Jan 06, 2012 20:59
Wow. This is the movie that had so many people talking? Talk about Hollywood tripe. First of all, to all those who call it empowering for the black maids-- what??? A white woman comes into their lives, uses them to write a book, runs off to NY. And this empowers THEM? They got $46 out of it. Granted, that's about $500 or so today but still.
Second, and more importantly, the movie sure ended at a rather...fortuitous point, didn't it? Before the worst of the reprisals. Yes, we saw the apparently only decent white family in the entire town, inviting Minny to dinner and holding her chair for her.
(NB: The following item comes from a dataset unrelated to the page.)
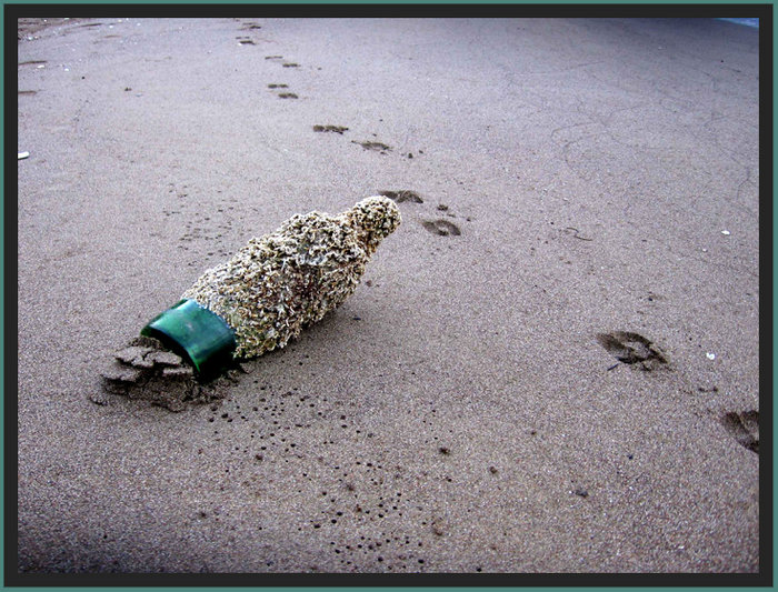 les bouteilles a la mer me font toujours rever, un peu plus de nétteté pour moi, le cadrage et comme il faut, un coup de nettoyage sur le petit bout de mer en haut a droite et hop

We also saw Aibileen lose her job. How long is $46 going to last her? Not long. And what next? She has no more chances in that city. The KKK recently killed someone in that city. Who are they going to go after next? And what then? Miss Big NY journalist Skeeter is going to write their obituaries?
Other than the plot holes and problems, the movie was typical Hollywood except that Skeeter did not get the guy at the end. Though, really, the whole thing was just sloppily written. A few characters undergo personality transfusions somewhere between scenes, it seems. Suddenly, they just change. No explanations. Bad writing. Just... ugh.
"The Long Walk Home" at least shows some of what was going on, though in Montgomery, not Jackson. At least there, everything doesn't take place in an atmosphere which reminds me of "Mean Girls", though 40 years earlier, and with a slightly older in crowd.